Information supplied
- - -

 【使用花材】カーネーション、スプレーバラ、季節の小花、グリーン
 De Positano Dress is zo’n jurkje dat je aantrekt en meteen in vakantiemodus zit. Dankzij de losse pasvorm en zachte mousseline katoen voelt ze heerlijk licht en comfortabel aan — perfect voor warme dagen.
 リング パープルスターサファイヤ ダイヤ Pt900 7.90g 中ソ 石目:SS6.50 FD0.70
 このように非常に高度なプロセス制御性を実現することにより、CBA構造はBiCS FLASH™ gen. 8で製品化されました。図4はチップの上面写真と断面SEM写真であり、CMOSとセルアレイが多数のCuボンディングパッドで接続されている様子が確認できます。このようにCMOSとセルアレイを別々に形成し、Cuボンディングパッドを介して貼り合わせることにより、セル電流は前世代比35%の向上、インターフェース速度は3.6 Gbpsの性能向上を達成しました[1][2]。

- - -

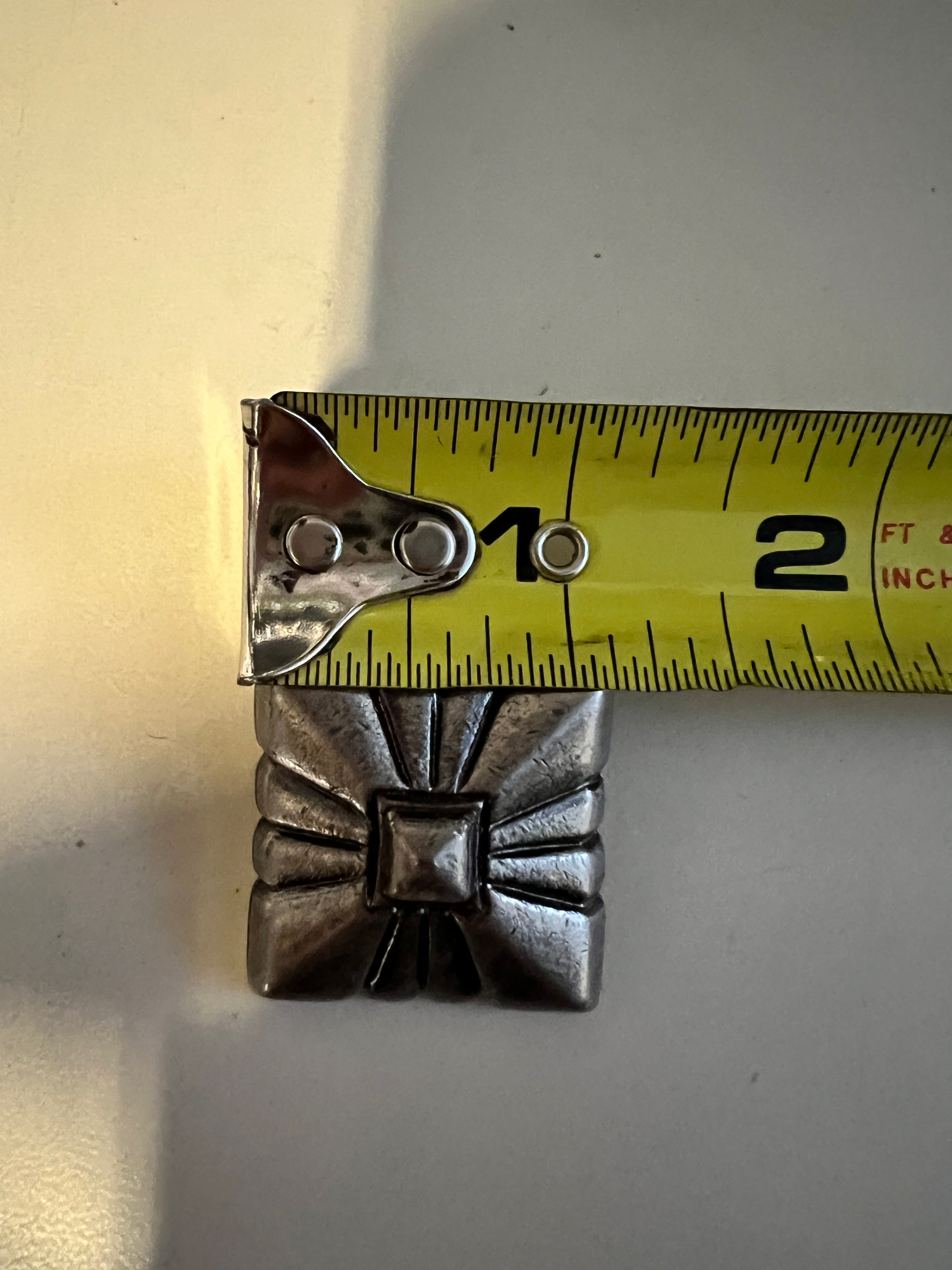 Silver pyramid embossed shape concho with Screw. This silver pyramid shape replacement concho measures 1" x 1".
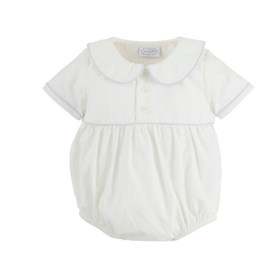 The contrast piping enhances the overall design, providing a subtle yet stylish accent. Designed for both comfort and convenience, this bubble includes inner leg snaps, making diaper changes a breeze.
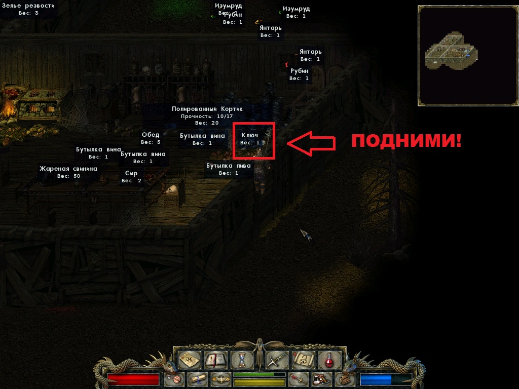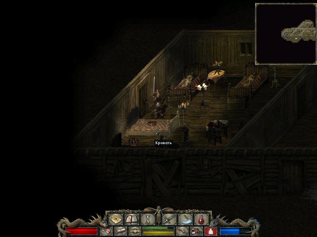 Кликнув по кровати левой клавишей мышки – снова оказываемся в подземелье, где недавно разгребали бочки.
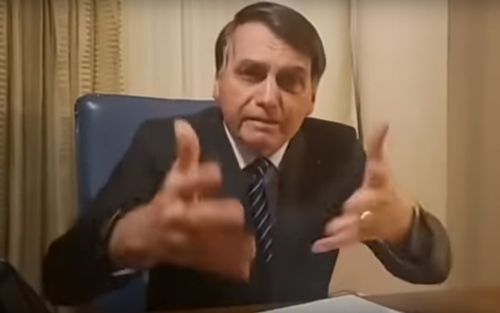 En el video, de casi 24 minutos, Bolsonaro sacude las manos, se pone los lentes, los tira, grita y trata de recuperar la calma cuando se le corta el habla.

- - -

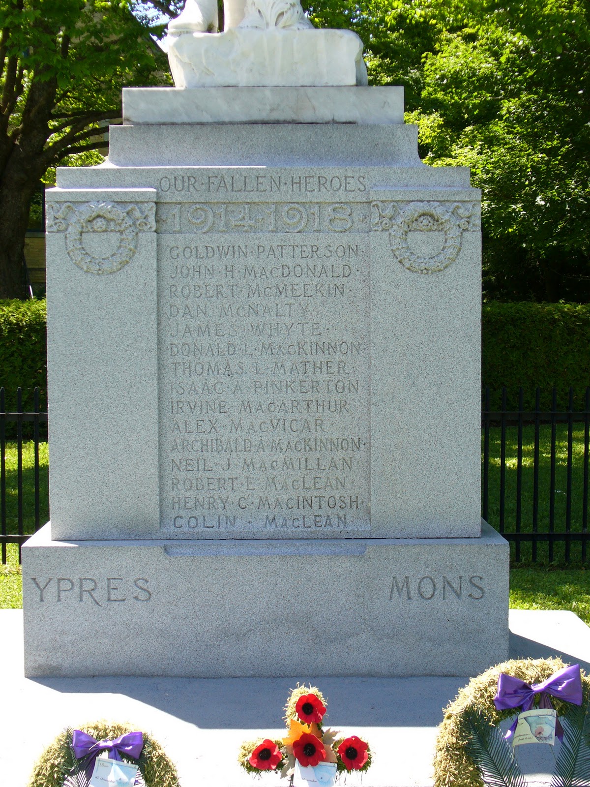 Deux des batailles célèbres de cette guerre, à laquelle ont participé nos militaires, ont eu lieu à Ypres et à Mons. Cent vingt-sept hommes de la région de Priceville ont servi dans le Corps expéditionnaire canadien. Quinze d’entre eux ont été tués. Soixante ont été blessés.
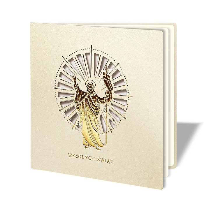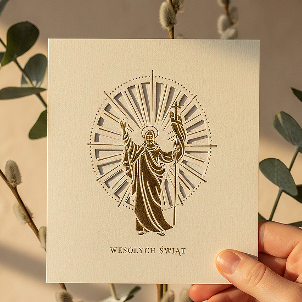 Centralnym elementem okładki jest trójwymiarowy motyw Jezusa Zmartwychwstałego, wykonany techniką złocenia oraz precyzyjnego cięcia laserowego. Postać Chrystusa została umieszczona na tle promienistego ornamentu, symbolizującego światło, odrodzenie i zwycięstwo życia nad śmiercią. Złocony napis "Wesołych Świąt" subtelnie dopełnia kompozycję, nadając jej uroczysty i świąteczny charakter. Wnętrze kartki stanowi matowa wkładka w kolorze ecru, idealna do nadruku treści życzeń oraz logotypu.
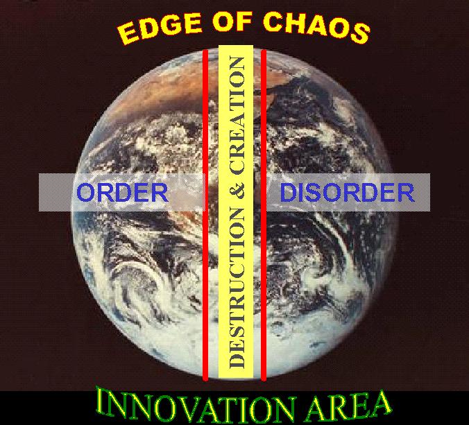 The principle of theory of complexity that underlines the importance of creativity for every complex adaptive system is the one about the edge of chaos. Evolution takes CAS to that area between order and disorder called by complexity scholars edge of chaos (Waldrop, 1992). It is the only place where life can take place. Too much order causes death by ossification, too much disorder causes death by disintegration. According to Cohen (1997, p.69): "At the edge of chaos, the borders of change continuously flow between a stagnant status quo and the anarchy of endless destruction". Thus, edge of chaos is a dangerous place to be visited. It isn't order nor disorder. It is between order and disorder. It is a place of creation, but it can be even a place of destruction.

- - -

Task details
Among the entries above, take the lines from the one with "Centralnym elementem okładki" through the one with "The principle of" and retype them exactly, leaving out the pictures.

Finished exercise
 Centralnym elementem okładki jest trójwymiarowy motyw Jezusa Zmartwychwstałego, wykonany techniką złocenia oraz precyzyjnego cięcia laserowego. Postać Chrystusa została umieszczona na tle promienistego ornamentu, symbolizującego światło, odrodzenie i zwycięstwo życia nad śmiercią. Złocony napis "Wesołych Świąt" subtelnie dopełnia kompozycję, nadając jej uroczysty i świąteczny charakter. Wnętrze kartki stanowi matowa wkładka w kolorze ecru, idealna do nadruku treści życzeń oraz logotypu.
 The principle of theory of complexity that underlines the importance of creativity for every complex adaptive system is the one about the edge of chaos. Evolution takes CAS to that area between order and disorder called by complexity scholars edge of chaos (Waldrop, 1992). It is the only place where life can take place. Too much order causes death by ossification, too much disorder causes death by disintegration. According to Cohen (1997, p.69): "At the edge of chaos, the borders of change continuously flow between a stagnant status quo and the anarchy of endless destruction". Thus, edge of chaos is a dangerous place to be visited. It isn't order nor disorder. It is between order and disorder. It is a place of creation, but it can be even a place of destruction.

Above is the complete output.